Er hatte den Ring von Kuldan und mit dem Ring würde er die Koroi besiegen können! Dieser Gedanke jagte wie ein greller Blitz durch seinen Kopf. Kryll betrachtete das funkelnde Etwas an seiner Hand.
Immer näher kam das Schiff der Koroi.
Kryll sah bleiche, vierarmige Gestalten.
Die Köpfe wurden gekennzeichnet von jeweils drei roten Augen.
Unterdessen war das Koroi-Schiff schon gefährlich nahe herangekommen.

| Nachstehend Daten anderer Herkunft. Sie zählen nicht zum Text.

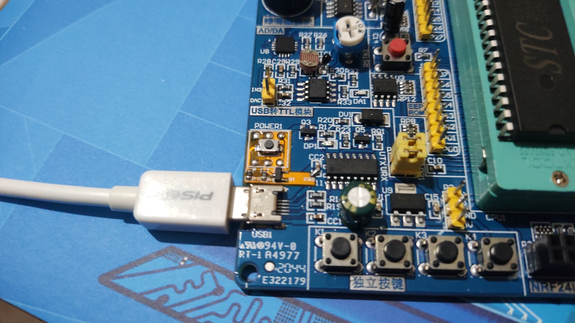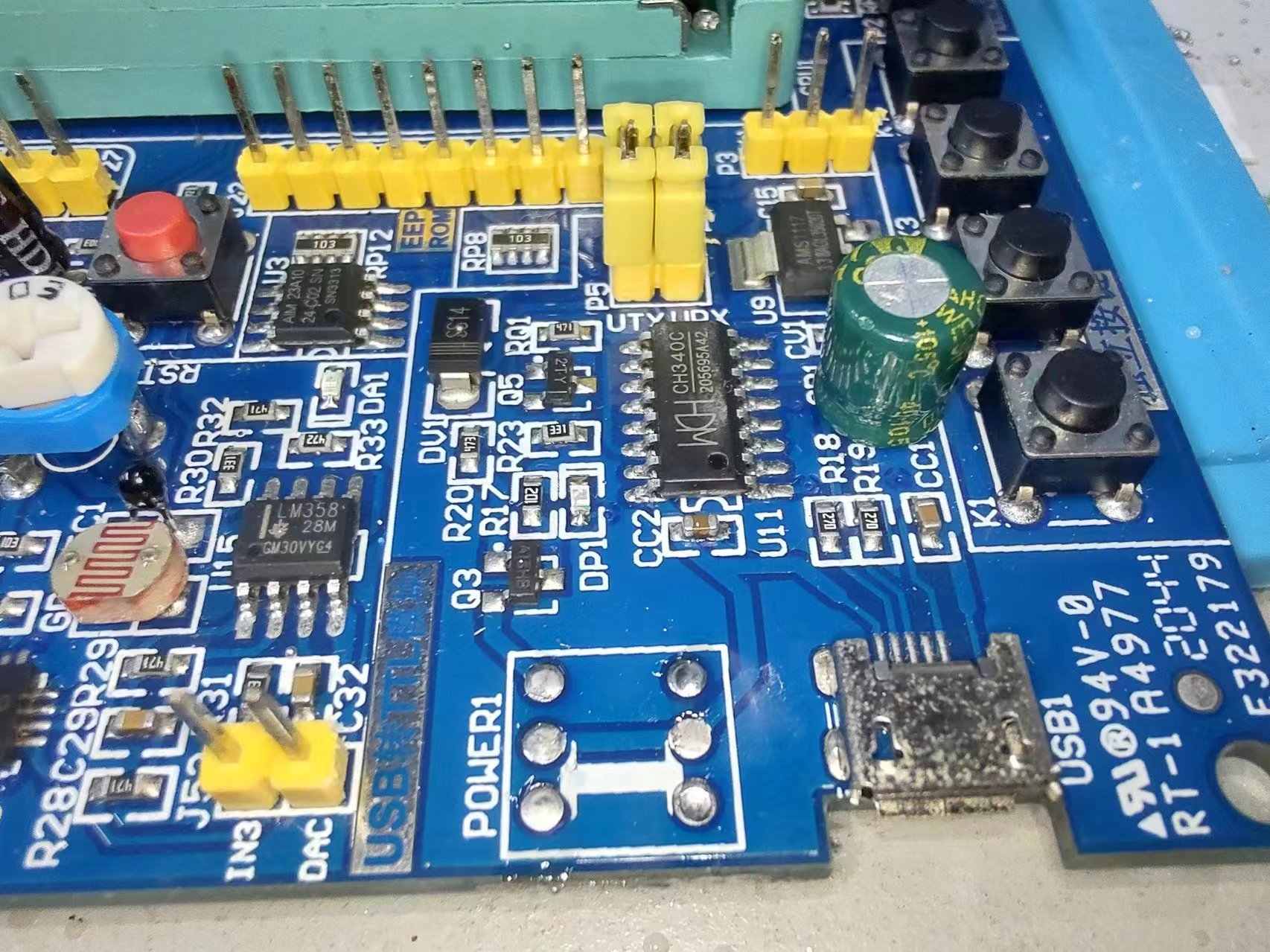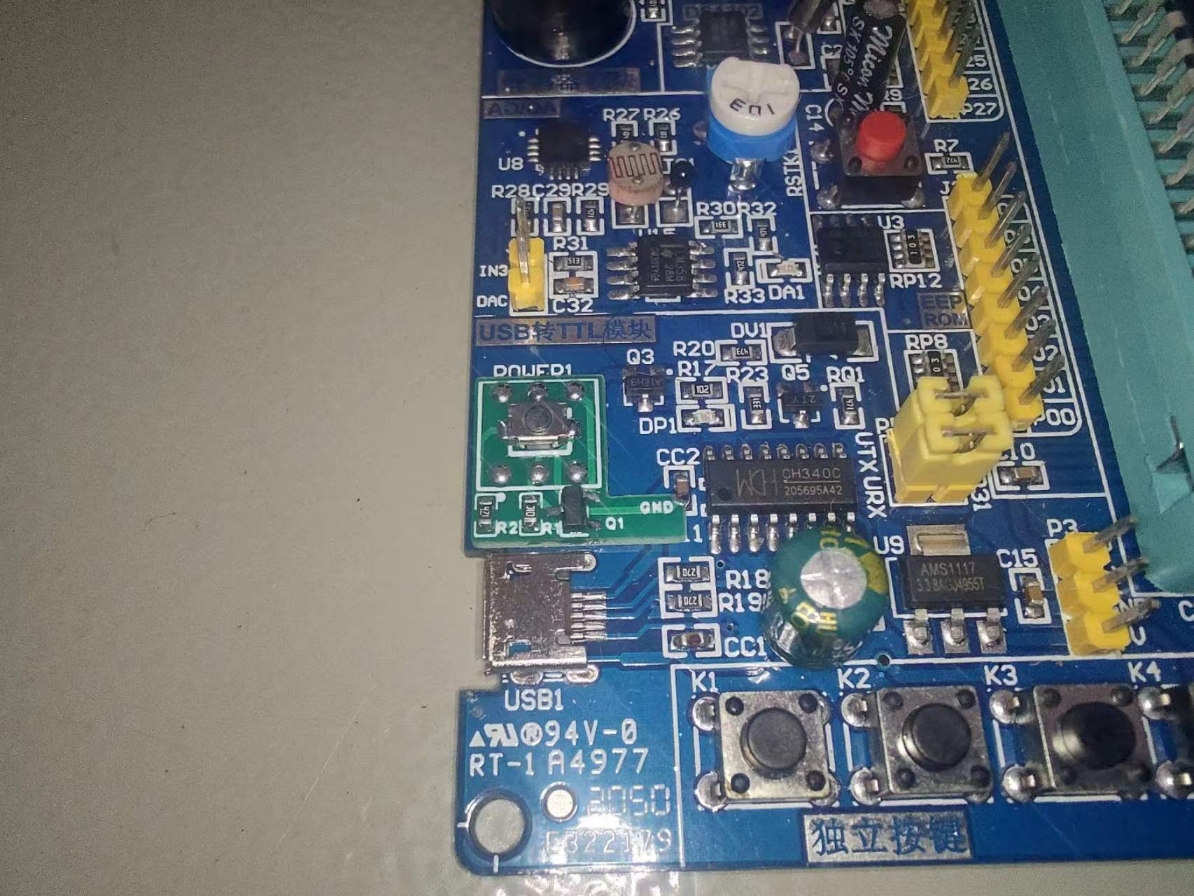 ③将小板焊接至51单片机开发板上然后焊上开关(顺序尽量用这个因为不用这个顺序烙铁很容易烫到开关)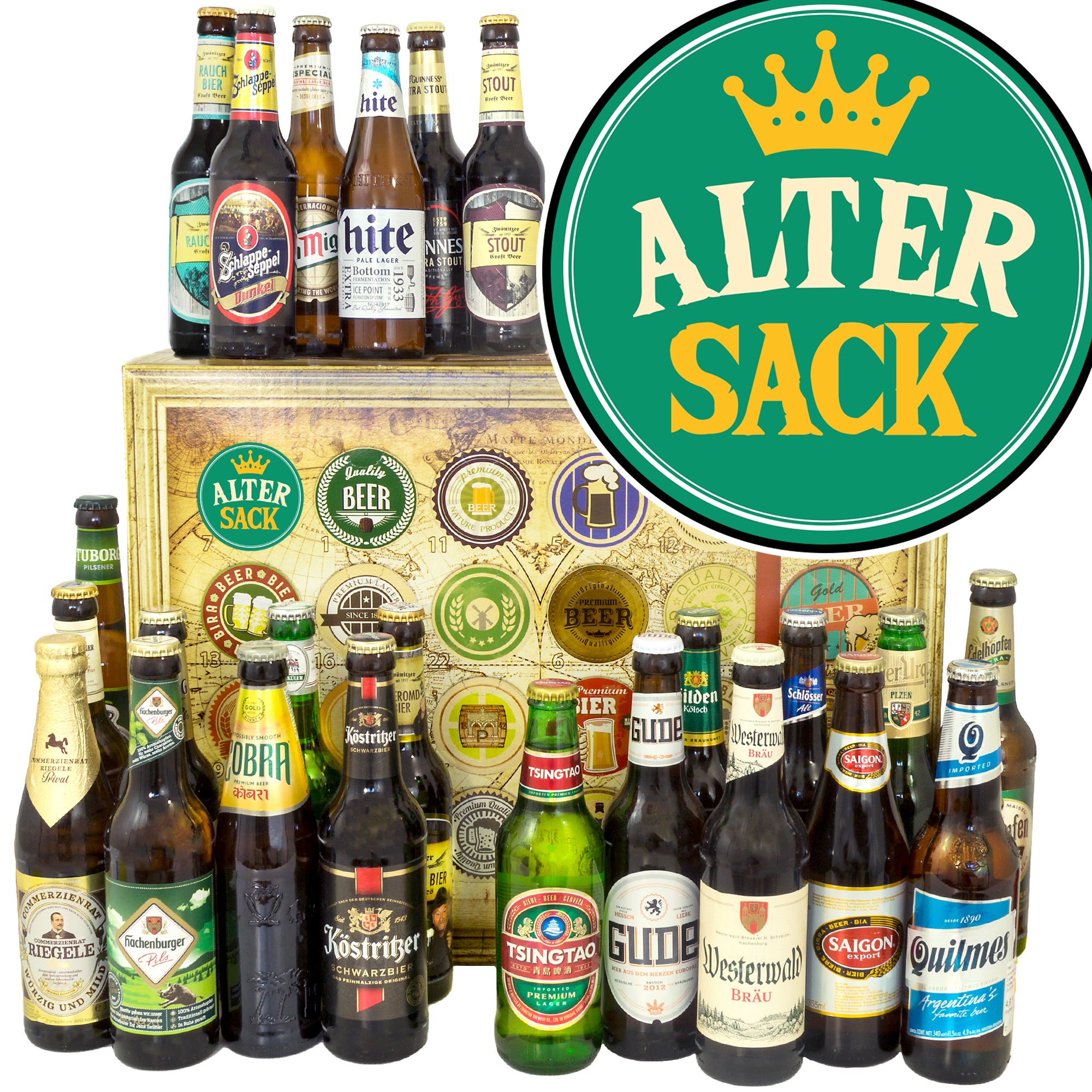 Alter Sack | 24 Flaschen Bier International und Deutschland | Geschenkbox

Es konnte kaum noch einen Zweifel daran geben, dass die GEEDRA geentert werden sollte.
Ring, warum tust du nichts?, fragten Krylls Gedanken, aber der Ring von Kuldan zeigte nicht die geringste Reaktion.
Die Koroi schwenkten ihre Schwerter und riefen den Männern der GEEDRA ihre Schlachtrufe in einer längst vergessenen Sprache zu.
Plötzlich fühlte Kryll, wie der Ring an seiner Hand zu pulsieren begann. Eine seltsame Kraft strömte von ihm aus und durchflutete seinen gesamten Körper.
"Was soll geschehen?", schien der Ring zu wispern.
Kryll starrte den Ring wie gebannt an.
"Was kannst du tun?", fragte Kryll zurück.
"Ich kann Illusionen erschaffen. Tödliche Illusionen, die in gewisser Hinsicht ebenso real wie Wirklichkeit sind. Wer sie nicht als Trugbilder erkennt, stirbt an ihnen!"
"Dann hetze deine Trugbilder auf die Koroi!"
Krylls Worte waren ein Befehl.
Und der Ring gehorchte.
Das Wasser spritzte plötzlich zu hohen, merkwürdig gestalteten Wellen auf - Wellen, die kein Wind der Welt je so hätte auftürmen können!
Aus den Wellen formten sich innerhalb weniger Augenblicke Gestalten, die entfernt an menschliche Körper erinnerten. Wie gläserne Dämonen sahen sie aus. In ihren Händen hielten sie durchsichtige Schwerter, die Sonnenlicht brachen.